Created by Aldo Gucci in 1953, the Gucci Horsebit Loafer is 70 years old, but it still seems to be in pretty good shape. To celebrate the milestone anniversary, the house threw a festive, cool bash on the first day of Milan’s Men’s Fashion Week.
Staged at art venue Spazio Maiocchi, the homage was engineered as a multidisciplinary immersive experience, with a corollary of installations, live performances, exhibitions and videos curated by Alessio Ascari, Spazio Maiocchi’s creative director. The space was transformed into a sort of countercultural meta country club called the Gucci Horsebeat Society, where artworks by 10 up-and-coming artists, mostly working with digital or AI-generated imagery, reinterpreted the iconography of the Horsebit, the metal clamp of a horse’s bridle that is one of Gucci’s most famous signifiers. Here, it came morphed and twisted into an AI-generated pattern on the thick wall-to-wall moquette carpeting the rooms; warped into distorted kinetics woven into the texture of a denim ensemble; or intruding as an almost-undetectable graphic in the classic checks of a Prince of Wales wool tailored suit.
Arranged as an art installation alongside the pieces commissioned for the exhibition, looks from Gucci’s spring collection were displayed on mannequins in a room entirely wallpapered by Australian image-maker Ed Davis, whose collage motifs were also reprised on an oversized bowling-set/skater silk ensemble. Throughout the lineup, references to the archives were streamlined and rendered into augmented silhouettes; both tailoring and sport-inflected pieces had amplified proportions while retaining classic construction.
A balancing act between past and future was apparent.

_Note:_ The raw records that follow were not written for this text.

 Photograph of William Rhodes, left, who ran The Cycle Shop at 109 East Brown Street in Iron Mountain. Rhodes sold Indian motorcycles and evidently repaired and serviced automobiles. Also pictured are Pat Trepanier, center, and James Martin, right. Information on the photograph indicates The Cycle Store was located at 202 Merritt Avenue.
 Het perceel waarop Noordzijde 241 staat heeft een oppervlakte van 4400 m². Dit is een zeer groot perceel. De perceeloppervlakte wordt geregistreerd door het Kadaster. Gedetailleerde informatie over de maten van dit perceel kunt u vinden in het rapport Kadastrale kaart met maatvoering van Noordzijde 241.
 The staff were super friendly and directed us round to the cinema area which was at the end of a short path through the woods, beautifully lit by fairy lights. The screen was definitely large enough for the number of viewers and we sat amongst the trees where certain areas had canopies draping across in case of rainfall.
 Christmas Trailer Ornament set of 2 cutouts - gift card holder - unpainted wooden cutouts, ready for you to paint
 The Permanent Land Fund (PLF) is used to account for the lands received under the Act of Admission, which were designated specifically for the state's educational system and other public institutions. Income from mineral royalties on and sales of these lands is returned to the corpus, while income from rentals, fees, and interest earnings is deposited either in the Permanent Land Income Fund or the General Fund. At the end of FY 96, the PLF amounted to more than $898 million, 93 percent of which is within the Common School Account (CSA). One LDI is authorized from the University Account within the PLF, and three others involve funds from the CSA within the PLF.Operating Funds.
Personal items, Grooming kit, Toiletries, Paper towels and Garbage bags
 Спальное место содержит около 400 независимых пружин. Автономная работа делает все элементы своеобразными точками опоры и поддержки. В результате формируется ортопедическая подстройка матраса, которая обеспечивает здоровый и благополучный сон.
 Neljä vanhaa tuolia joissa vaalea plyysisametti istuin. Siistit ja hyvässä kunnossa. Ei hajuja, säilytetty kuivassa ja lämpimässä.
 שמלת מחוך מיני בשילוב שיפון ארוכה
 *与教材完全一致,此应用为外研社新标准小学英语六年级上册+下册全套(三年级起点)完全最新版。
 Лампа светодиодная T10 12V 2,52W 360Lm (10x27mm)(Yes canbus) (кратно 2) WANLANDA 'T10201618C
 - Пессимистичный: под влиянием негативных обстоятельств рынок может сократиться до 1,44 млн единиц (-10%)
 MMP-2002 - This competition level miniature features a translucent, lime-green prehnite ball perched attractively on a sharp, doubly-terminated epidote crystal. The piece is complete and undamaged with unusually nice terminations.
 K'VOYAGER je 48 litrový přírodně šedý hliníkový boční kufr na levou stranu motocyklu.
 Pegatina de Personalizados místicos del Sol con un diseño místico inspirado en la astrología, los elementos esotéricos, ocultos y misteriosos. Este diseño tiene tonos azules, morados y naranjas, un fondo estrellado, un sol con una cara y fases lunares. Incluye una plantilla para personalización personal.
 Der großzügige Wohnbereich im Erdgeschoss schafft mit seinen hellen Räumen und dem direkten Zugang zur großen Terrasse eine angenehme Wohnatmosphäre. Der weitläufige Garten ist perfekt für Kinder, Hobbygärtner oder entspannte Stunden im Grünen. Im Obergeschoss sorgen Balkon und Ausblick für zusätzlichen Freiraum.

On one hand, sartorial three-piece suits were simplified to sharp-cut, trim versions, only slightly refreshed by the elongated shapes of blazers, the shortening of sleeves and cuffs, and the revival of ’70s bootcut trousers. On the other, an undercurrent of inventive techno-quirk was perceptible in the optically treated surfaces of workwear/sporty hybrids, where the GG logo was digitally distorted into a glazed effect, laser-printed on denim-like leather, or rendered in a spongy three-dimensional weave. Equally offbeat was a shiny, liquid oversized hoodie/shorts ensemble, whose fabric woven with silver metallic threads made it shape-shifting and malleable. A washed denim jacket tucked into wide-leg pants was thermo-incrusted with micro mirror tiles, refracting light like a wearable disco ball.
The artworks displayed across the site celebrated the Horsebit’s metamorphosis. Among the most visually compelling was Swiss artist Sylvie Fleury’s 1998 furry bedroom, surmounted by a hanging square-heeled Horsebit loafer in red patent leather from Tom Ford’s Gucci fall 1995 show. An imposing surrealist bean-shaped wooden desk by American sculptor Pitter Patter was held up by replicas of stylish knee-length legs clad in Gucci bootcut trousers and Horsebit loafers in various styles. Entertaining and humorously artistic, the event definitely whetted the appetite for the arrival of new creative director Sabato De Sarno in September.